Let’s talk about the casting of Annie Murphy and Salma Hayek in the role of Joan. I imagine you didn’t have them in mind while writing this script. How did you go about building the script to fit them in? And what was it like working with both actors as they played off each other?

The earliest version of the script just said, Hollywood A-lister. We thought Salma Hayek would be perfect, but there would be no way she should do this. I believe we had Annie at that point, and then we spoke to Salma and got her on board. She was immediately hilarious, and her major note was that the character Salma Hayek could

be more outrageous. Because obviously, what I didn’t have in the first version I sent to her was have the character shit in a church. It was written so blandly because I wouldn’t have had the balls to write in some of the stuff she says in the final version of the draft. She was a more strait-laced character.

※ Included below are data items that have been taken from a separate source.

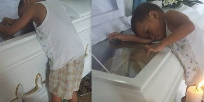 Μία συγγενής του μικρού αγοριού από τις Φιλιππίνες, απαθανάτισε τη στιγμή και δημοσίευσε τις φωτογραφίες στον προσωπικό της λογαριασμό στο Facebook γράφοντας: «Τι μπορείς να πεις σε ένα τόσο μικρό αγόρι που σε ρωτάει “Γιατί η μαμά δεν κοιμάται πια δίπλα μου;”… μου ραγίζει την καρδιά… Τράβηξε μια καρέκλα μόνος του, σκαρφάλωσε στο φέρετρο και αγκάλιασε για τελευταία φορά τη μαμά του».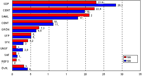 Väljarstödet för partierna i riksdagsvalet 1999 och 1995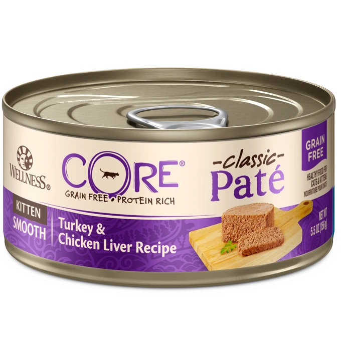 This high protein grain-free CORE Pate wet cat food contains wholesome ingredients that are free from carrageenan, artificial colors, flavors or preservatives. This protein focused diet gives your cat the energy it needs to thrive.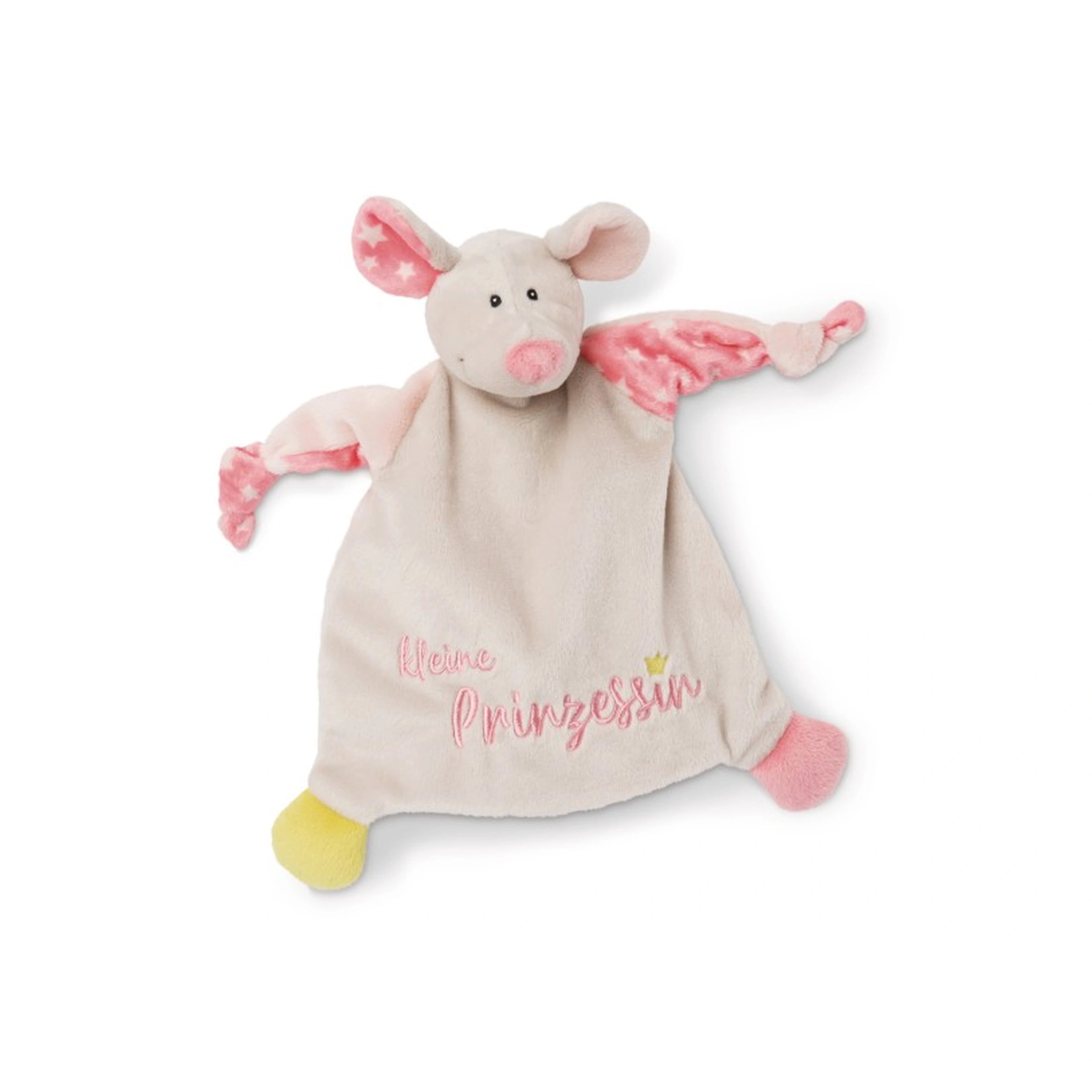 Introducing the NICI - My First NICI - Comforter Mouse - Kleine Prinzessin, a delightful companion designed specifically for newborns. This enchanting comforter features a charming mouse design adorned with the whimsical Kleine Prinzessin embroidery, making it an ideal gift for any little princess. Crafted with the utmost attention to detail, this comforter not only serves as a cuddly toy but also as a comforting presence for infants during their early days.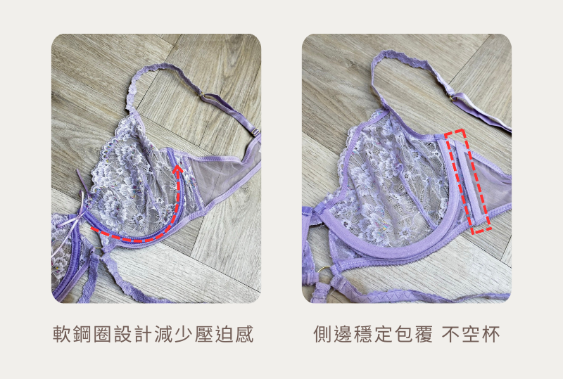 3/4罩杯,側邊穩定包覆,不顯空杯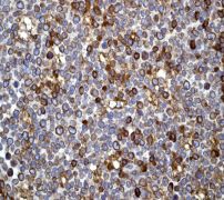 Immunohistochemical analysis of paraffin-embedded human tonsil tissue using anti-Calnexin RabMAb (Cat. APG03203G). |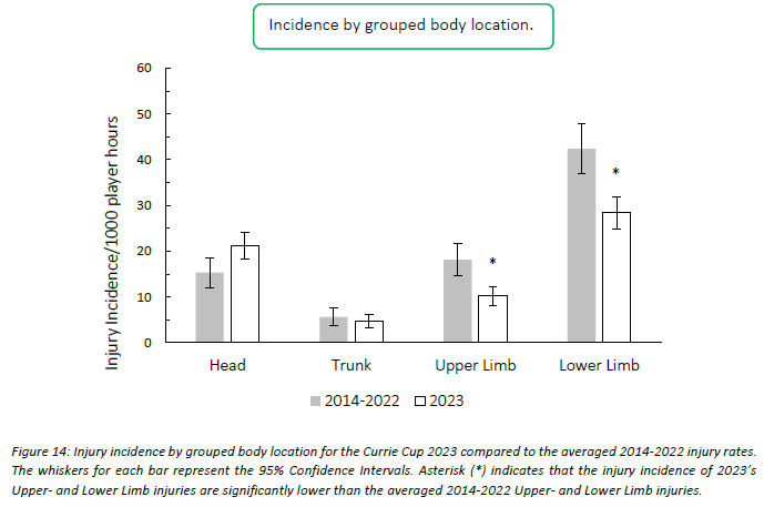 During the Currie Cup 2023, lower and upper limb injury rates were significantly lower than their 2014-2022 average injury rates (Figure 14). During the Currie Cup 2023, the head and knee areas had the highest injury rates, with 20 (14 to 25) and 13 (8 to 17) injuries per 1000 player hours, respectively. The head injury rate was higher than that of the international meta-analysis [1] of 17 (14 to 20) injuries per 1000 player hours but not significantly. The knee injury rate is similar to the meta-analysis [1] injury rate of 13 (12 to 14) injuries per 1000 player hours.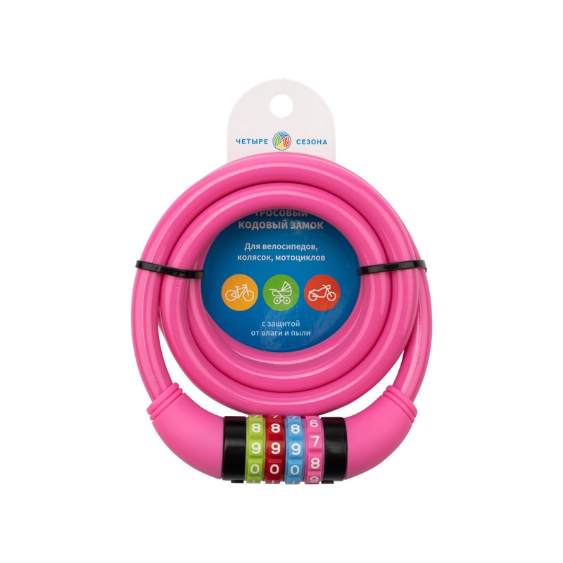 Тросовый кодовый замок ЧЕТЫРЕ СЕЗОНА – недорогое и надежное средство от кражи велосипедов, мопедов, колясок, рекламных щитов, вывесок и другого имущества. Отличается простой конструкцией, удобством транспортировки и высокой степенью стойкости к взлому.

Salma was a really good sport and was like, “Well, can you mention… Can we say that I’m…” Some of the lines in the episode that she says about herself, like, “I am a dyslexic, talented actress with questionable English,” I think that might have been an ad-lib of Salma’s that we left in because I would not have dared write that in the original draft. So, she encouraged me to parody her, making the character more outrageous and scary.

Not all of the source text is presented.